If there’s one consistent strain in Dr. Oz’s trajectory, it’s his belief in the power and responsibility of individuals to take control of their health and well being. Strikingly, in his essay announcing his candidacy, Dr. Oz doesn’t speak of unity or community, as many politicians do. Instead he identifies himself as a doctor who is “trained to tell it like it is because you deserve to hear our best advice and make your own decisions.”
Perhaps it shouldn’t be surprising that this messianic diet guru would offer to cure us of all that ails us, physically and spiritually. The bigger question is why so many are ready to believe that organic, cold-pressed snake oil could stop us from aging, cure cancer, make us lose weight and end a pandemic?
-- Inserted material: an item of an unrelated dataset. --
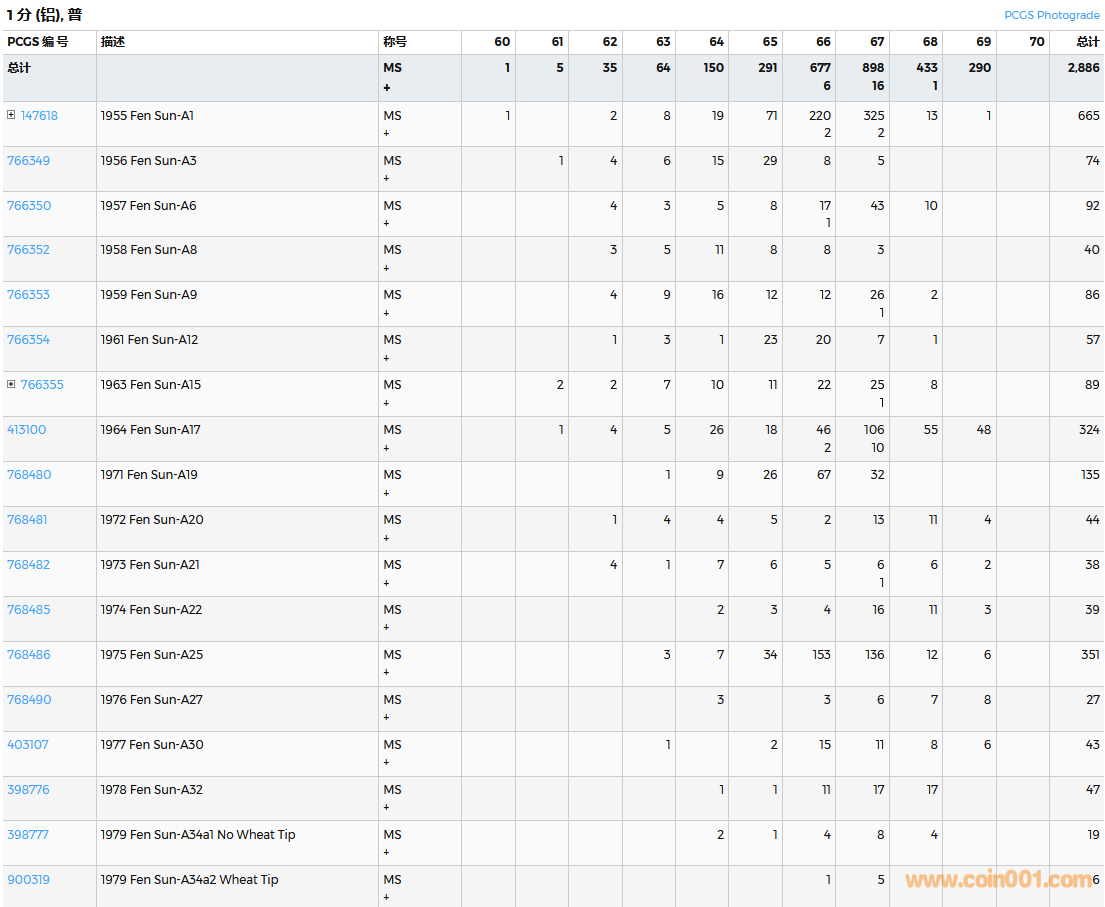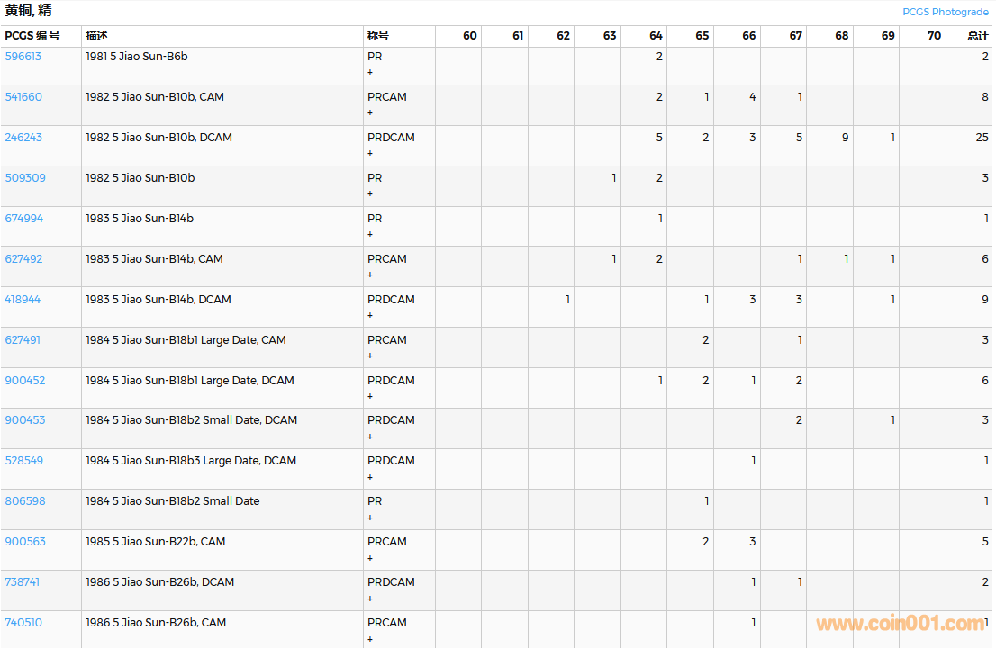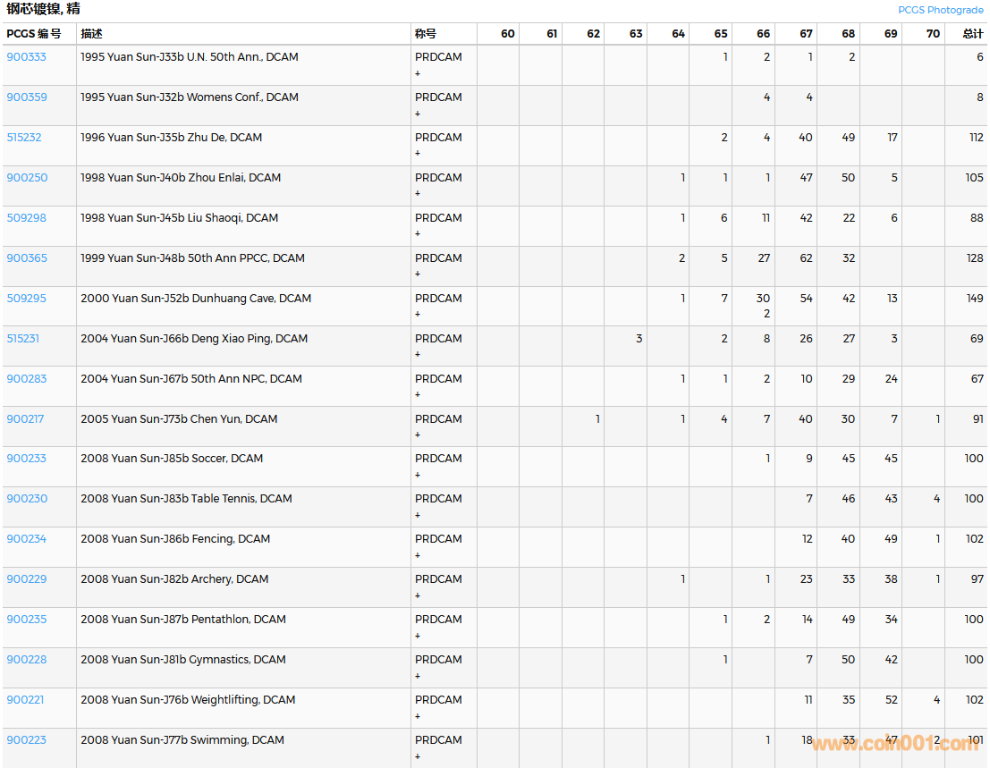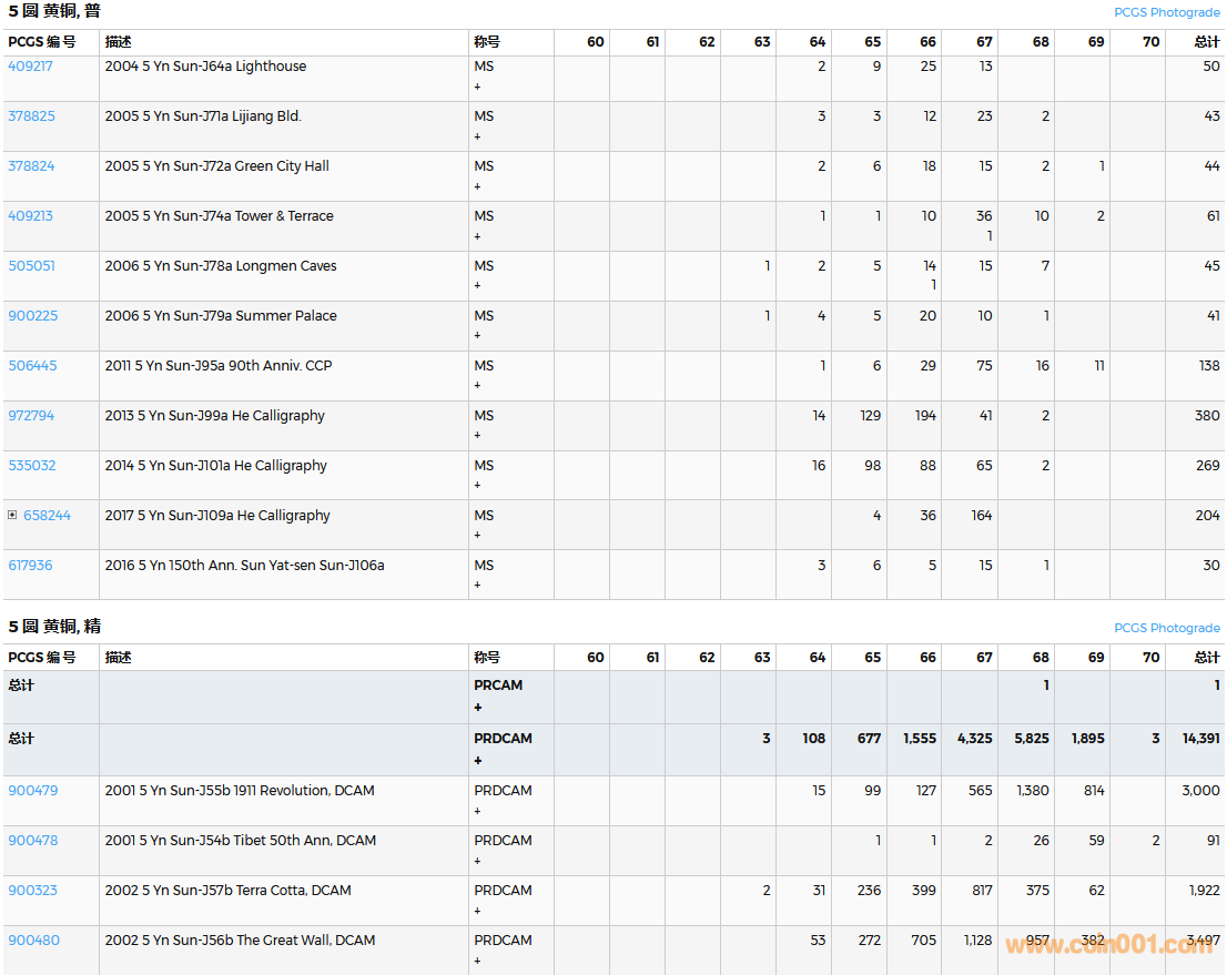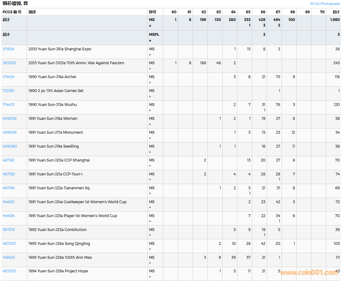 PCGS硬幣評級數(shù)量報告( ..
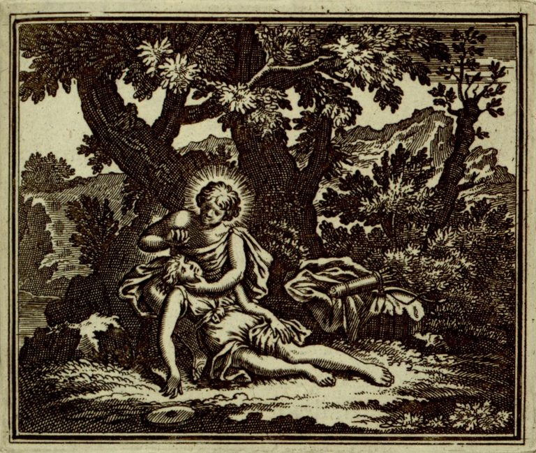 U vzrostlého stromu sedí Apollón, Hyakinthos mu umírá na klíně. Na zemi leží disk, vedle luk a toulec s šípy.

There’s something deeply American in Dr. Oz’s quest to reach a higher state via the improvement of the body. Its roots can be found, arguably, in the spiritual strivings of the Transcendentalists, the group of 19th-century nature-obsessed New England philosophers.
Ralph Waldo Emerson’s notion of an “original relationship to the universe,” and his belief that there is a divine spirit in nature and in the human soul that does not require the doctrines and laws of organized Christianity, was radical in its time, but became foundational to the American concepts of individualism and self-reliance. These threads have been woven into everything from the prosperity gospel to my yoga teacher’s instructions to lift our arms over our heads and send our intentions “from Earth to sky through you.”
The same ideas, filtered through the 21st-century preoccupation with wellness, quickly arrives at the idea that we shortchange ourselves by accepting what we are told by society — by doctors, scientists or government health officials — if it contradicts our individual instincts or opinions.
It’s this American idea that health is a personal responsibility that gives rise to figures like Dr. Oz. In his individualist doctrine, when we get sick it’s generally at least partly our fault — there was probably a supplement we should have taken, a superfood we could have eaten more of or a junk food we should have eaten less of, a specialist we should have consulted.
This American predilection for individualism is itself a public health risk in a pandemic, Ed Yong has argued in The Atlantic — one that has led to bad policy that puts everyone, especially the most vulnerable people, at risk. When reducing the spread of an infectious disease requires collective and individual action, “no one’s health is fully in their own hands,” Mr. Yong explains.
And yet the idea that your health is in your own hands is key to Dr. Oz’s worldview. Despite what appears to be an earnest desire to help people, “The Dr. Oz Show” is not a public health effort. It’s a business. And by recommending products and services, Dr. Oz offers us opportunities to buy things — a very American way to feel empowered. He helps us find the perfect alchemy of diet, exercise and açaí berries to keep us spry, thin, and disease-free forever, as long as we can pay for it all out of pocket. In our individualist, consumerist society, wealth is health.
This perhaps is the deeper, more primal appeal of what Dr. Oz is selling — the idea that if we can find the right guru, buy the right products and strive hard enough to manifest our best selves, we might just cheat death.
Which of course we can’t. In this moment, when so much hangs in the balance, it’s a dangerous delusion.
Annaliese Griffin is a journalist who covers culture, lifestyle and health.